8 bin yıllık topraklarda farklı heyecanlar yaşamak doğrusu insana iyi geliyor.
Klazomenai yada bizim bildiğimiz adıyla Urla’nın nisan güneşinde, büyülü enginarın peşinde koşarak, değişik tatları denerken, Ankara’dan gelecek o kafa karıştıran, iç karartan haberleri unutmak ne güzelmiş meğer.
Üç günlük Urla kaçamağında, mitolojik, tarihsel, kültürel ve de gastronomik zenginlik kazanmak her şeyin üstünde... Enginarın sağlık için de böylesine muhteşem katkısı olduğunu, gençliğimin geçtiği bu yarımadada, yıllar sonra ilk kez öğrendim.
"Urla’da Zamanı dört mevsim yaşayın" sloganıyla kollarını sıvayan Urla Belediyesi’nin, Başkan Sibel Uyar ile bir avuç kadının fikir analığı yapmasıyla, 4. kez düzenlediği Uluslararası Urla Enginar Festivali tam bir şenlik havasında.
İzmir, İzmir olalı çok festivallere imzasını atıp dev adımlarla büyürken, şimdi de tarlasında çiçek mi, sap mı, top mu diye diye kimilerinin kıymet vermeyip, yan baktığı enginar, tüm kalbiyle insanlara seslenince, milyonlar kopup tarih kokan yarımadanın Klazomenai bölgesinde buluştular.
Hedef 1 milyon turisti ağırlamak ve yerli halkın tarlasında ürettiği 35 milyon adetlik sakız enginarının satılması.
Yörenin uluslararası tanıtımı ise cabası...
Enginar festivali henüz emekleme devresinde olduğu halde, 4 yılda ekim alanları yüzde 87, geliri ise yüzde 275’ e artınca, yeni ürün çeşitleri de peşinden gelmeye başlamış.

ÇİLEK KADINLAR..


Şimdilerde, çilekçi kadınların kalbi başka atıyor Urla’da.

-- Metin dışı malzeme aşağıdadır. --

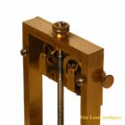 Two Sirens Circa 1850-1880. In perfect working condition. It comprises a small air-chest at bottom with an oblique-perforated rotor and worm drive above. When air from a bellows is forced into the bottom, it blows out from a series of oblique several holes in the top of the air chest. These holes coincide with others in the rotor and cause it to rotate at high velocity, emiting and very loud wailing sound. By sliding the headgear to one side causes the worm on the rotor to engage with a pinion which in turn on the dials to revolve, indicating the speed of rotation. Measurements: 15 cm by 12 cm and the one with the rules 23 cm high by 12 cm ( the wooden base isn’t original
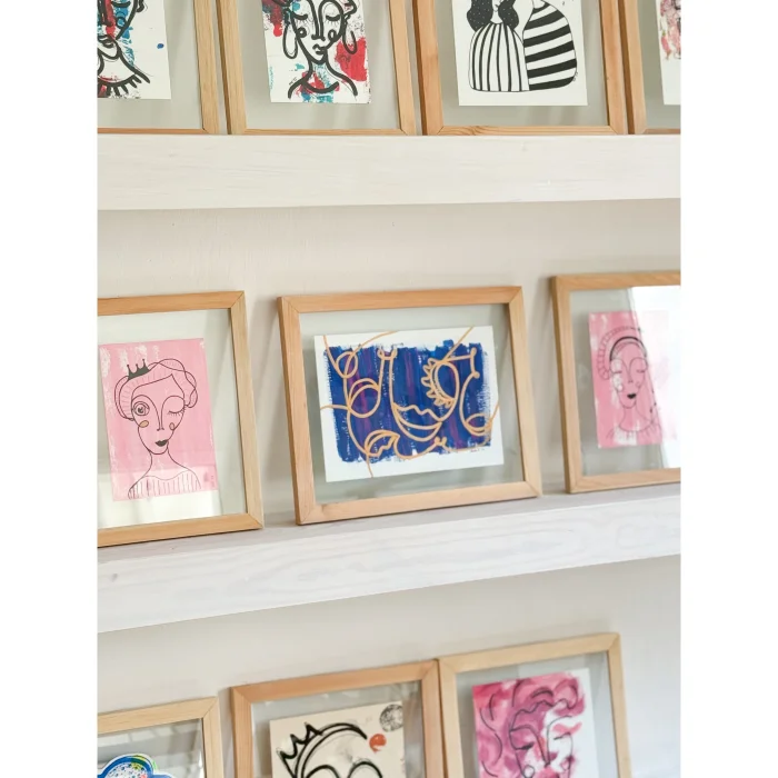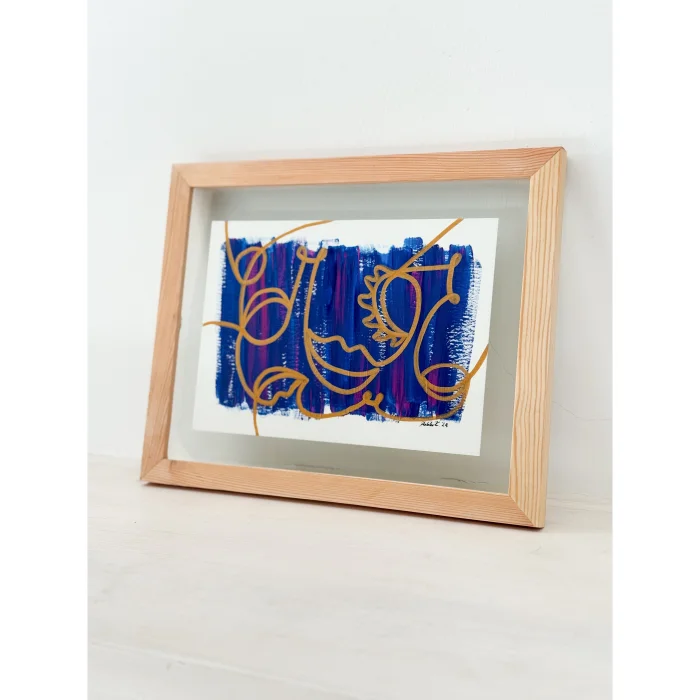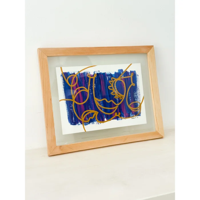 It will be packed in such a way that it will not be damaged in the cargo. Material: acrylic paint, pencil and water-based marker on 290 g of white painting paper. Double glazing, wooden frame.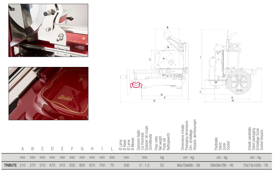 特征:Tribute的靈感來自最著名的Berkel車型之一。花飛輪,金色裝飾和典雅的設(shè)計(jì)使這款切肉機(jī)真正向傳統(tǒng)致敬。這種手工制作的機(jī)器深受美食愛好者和那些知道完美切割對(duì)維持和提高產(chǎn)品質(zhì)量至關(guān)重要的人的贊賞。其相當(dāng)大的切割能力使其非常適合那些喜歡真實(shí)事物味道的人,而其優(yōu)雅性使其非常適合那些喜歡美麗事物的人。刀片直徑為300毫米。它有2種標(biāo)準(zhǔn)顏色:紅色和黑色。它的配件包括帶有新藝術(shù)風(fēng)格裝飾的基座。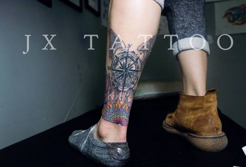 • T网红王老大花腿龙纹身图片_腿部新传统纹身图案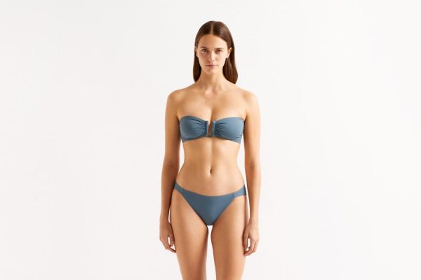 As the ultimate underwire-free bandeau bikini top with a U-shaped metal link that separates its pleated cups and side stays, this iconic style is famous for its graphic and feminine cut.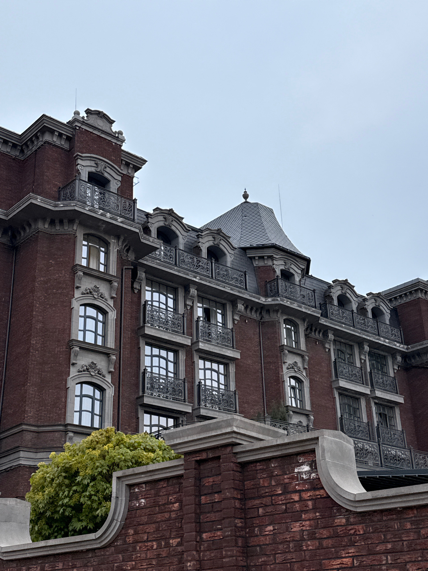 The image shows a partial view of a brick building with ornate stone or concrete detailing. The style is reminiscent of late 19th or early 20th-century architecture. There are multiple rows of windows…read more

Çünkü doğal kokulu çilek, ikinci değer olarak sıraya girmiş bile. Sadece 3 üretici kadın ile geçen yıl başlatılan çilek sevdası, bu yıl 28 kadının kalbini fethetmiş ve Urla’da öyle tatlı bir çilek üretilmiş ki, tadı unutulur gibi değil. Başkan Uyar, önce toprak analizlerini yaptırmış, tohumları dağıtmış... İzmir Büyükşehir Belediyesi, İzmir Ekonomi Üniversitesi mutfak sanatları bölümü, DELİCE –Uluslararası Gurme Kentler Ağı İle yabancı şeflerin de büyük katkısı, enginarın yanısıra çileğe yol açmış. Ürünler meydanlarda kapış kapış satılıyor, kokusu İzmir’in dağlarını sarıyor.

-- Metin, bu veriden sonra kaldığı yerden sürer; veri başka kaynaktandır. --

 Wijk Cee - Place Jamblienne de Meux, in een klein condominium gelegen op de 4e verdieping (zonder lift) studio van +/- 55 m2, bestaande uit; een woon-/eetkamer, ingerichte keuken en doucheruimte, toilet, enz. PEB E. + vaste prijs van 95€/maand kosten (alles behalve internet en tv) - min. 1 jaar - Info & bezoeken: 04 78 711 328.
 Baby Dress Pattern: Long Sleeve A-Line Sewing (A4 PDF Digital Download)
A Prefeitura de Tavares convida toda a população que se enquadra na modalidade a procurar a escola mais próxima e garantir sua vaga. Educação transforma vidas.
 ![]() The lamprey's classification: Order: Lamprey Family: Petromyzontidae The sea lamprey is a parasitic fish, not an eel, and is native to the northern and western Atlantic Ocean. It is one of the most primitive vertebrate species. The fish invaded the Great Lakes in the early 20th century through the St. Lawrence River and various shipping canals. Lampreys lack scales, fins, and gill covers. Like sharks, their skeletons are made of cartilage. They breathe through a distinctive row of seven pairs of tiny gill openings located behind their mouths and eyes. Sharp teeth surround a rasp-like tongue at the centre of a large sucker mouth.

Hayatımda ilk kez yedim, enginarlı çiğ köfteyi, sushisini, midye dolmasını, kokoreçini...
Ya enginar tatlısı... Yok böyle bir tat.
Ne yalan söyleyeyim, benim kırk yıllık favorim, zeytinyağlı enginar dolması. Zaten enginarın sevgilisidir sızma zeytinyağı. Taşta soğuk sıkım zeytinyağı ve limonla buluşan o mağrur enginar, bu birlikteliğe boynunu büker çaresiz. En büyük aşk, işte o anda yaşanır 8 bin yıllık topraklarda.
Urla’nın tescilli sakız enginarı, herkesimin büyük sevdası ile sınırlarını aştı artık. Üreticiyle tüketici de doğrudan meydanlarda şimdi. Rengarenk şenlikte buluşulunca, yüzlerin gülmemesi olanaksız.
3 gün 3 gecelik festivali kaçırmayın derim.
Hani Antik Yunan'da ve Roma’da elitlerin yediği, karaciğer dostu, kolestrol düşmanı enginar var ya... Onun peşinde yol kat emeye değer. Zaten efsaneye göre, Zeus, Cnynera isimli güzel kadına aşık olup da, aşkı reddolunca, güzel Cynara’yı enginara dönüştürmemiş mi...
Bilimsel adı cynara scolymus olan güzeller güzeli enginara hadi koşun.
Beklemeyin..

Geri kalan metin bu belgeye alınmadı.